As for the game, Q Rich can't stop anyone, Prince is looking like an All Star. Joe Johnson is the only one who apparently showed up like always. No easy transition baskets without Nash, Marion's game is the one who suffers the most it seems.

Of course, Amare is still the MVP. Right, Amareca? Basically Steve Nash IS the phoenix suns. Everything operates through him. But the suns should be at least competitive even without Nash, the only problem being they're on a road trip.


----------



## nmuman (Nov 26, 2003)

They were playing the World Champs, who just happen to be playing their best basketball so far this season.


----------



## DwyaneWade4MVP (Apr 1, 2004)

3rd straight loss....Suns are lottery team without Nash!


----------



## irknowitzki41 (Aug 7, 2004)

well, to be fair, the heat would be a lottery team if they were in the west and without shaq.

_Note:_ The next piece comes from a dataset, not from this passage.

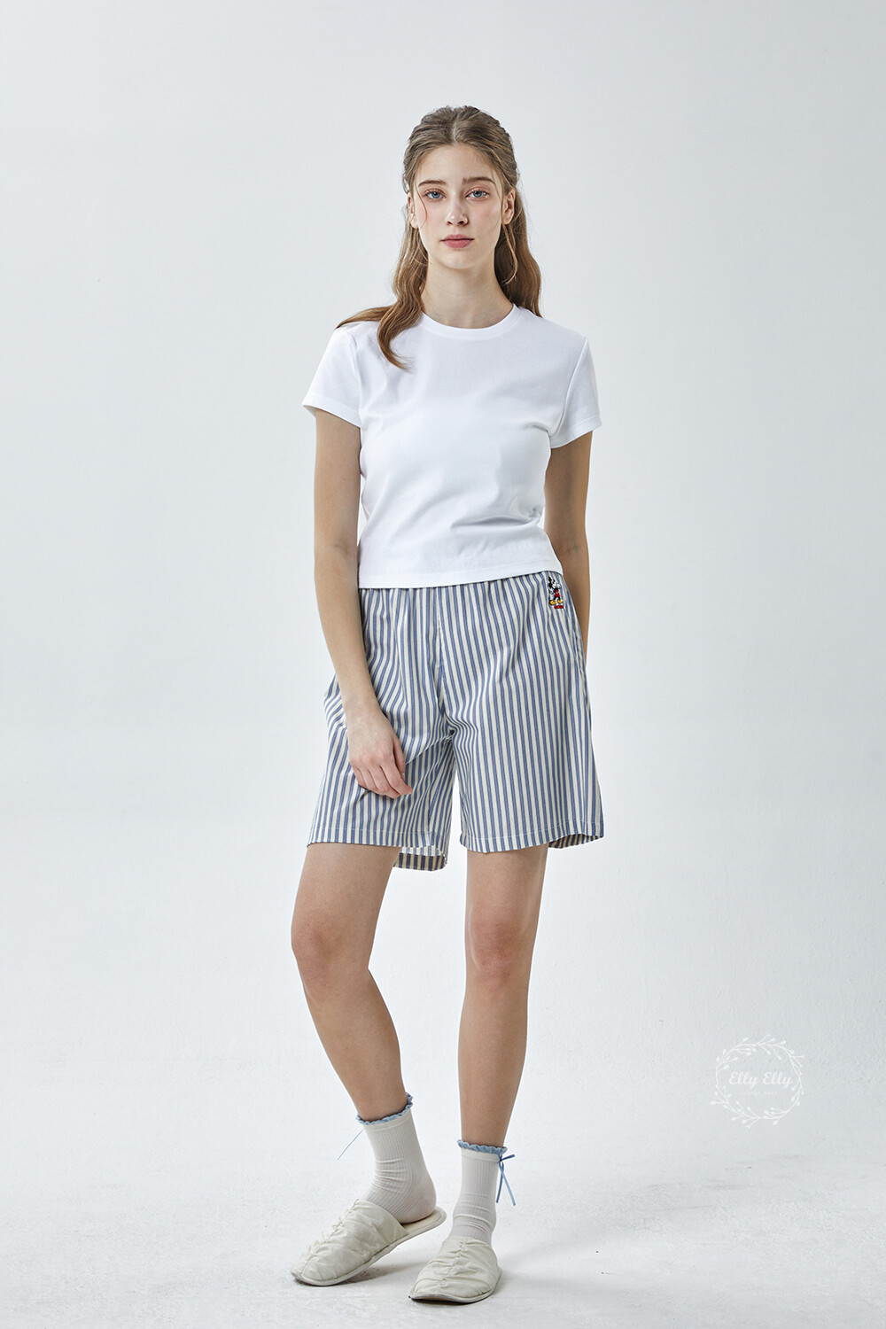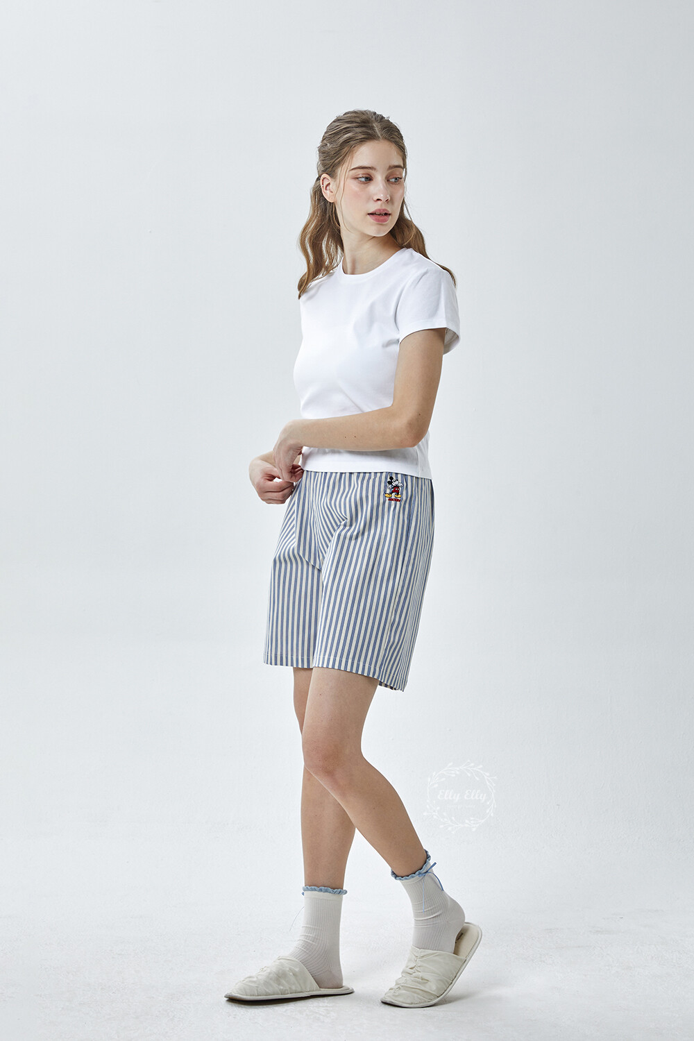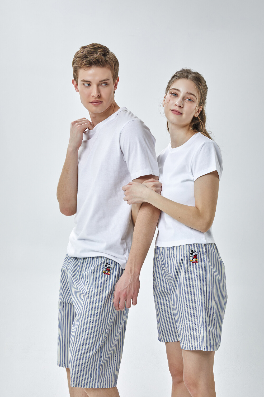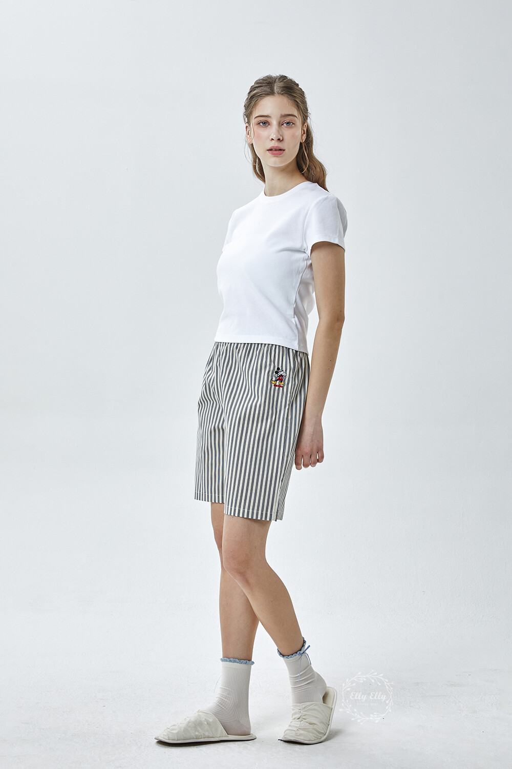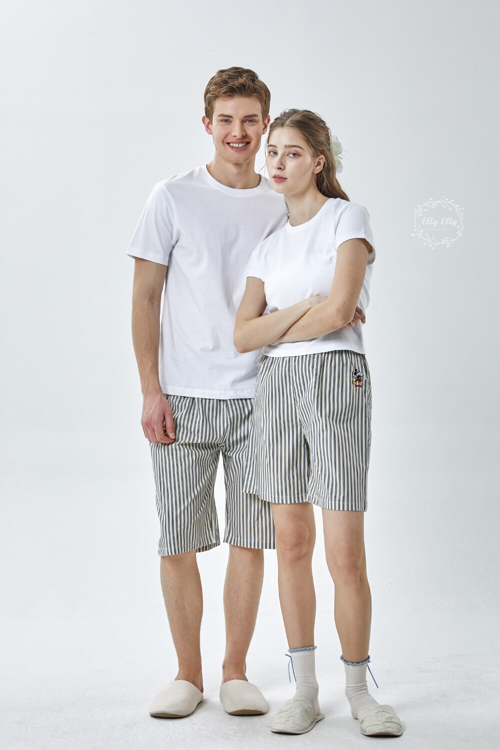 DK-5356 디즈니정품 남여공용 스트라이프 자수 5부파자마 잠옷바지 2COLOR

though, this was a lottery team without nash.


----------



## Rafaelaraujotody (Jul 16, 2004)

tha´'s how important nash is... Jesus... he should be strongly considered as MVP... without him... Suns really lost confidence... i don't think they are lottery... but they have no championship hopes...


----------



## DwyaneWade4MVP (Apr 1, 2004)

when is Nash healthy again???


----------



## Kekai (Jan 12, 2005)

> Originally posted by <b>DwyaneWade4MVP</b>!
> when is Nash healthy again???


They say he should be back by tomorrow for the game vs. the Grizzlies.


----------



## PHXSPORTS4LIFE (May 8, 2003)

not after barbosa took him out in practice today. sheesh. randy livingston's curse still haunts AWA.


----------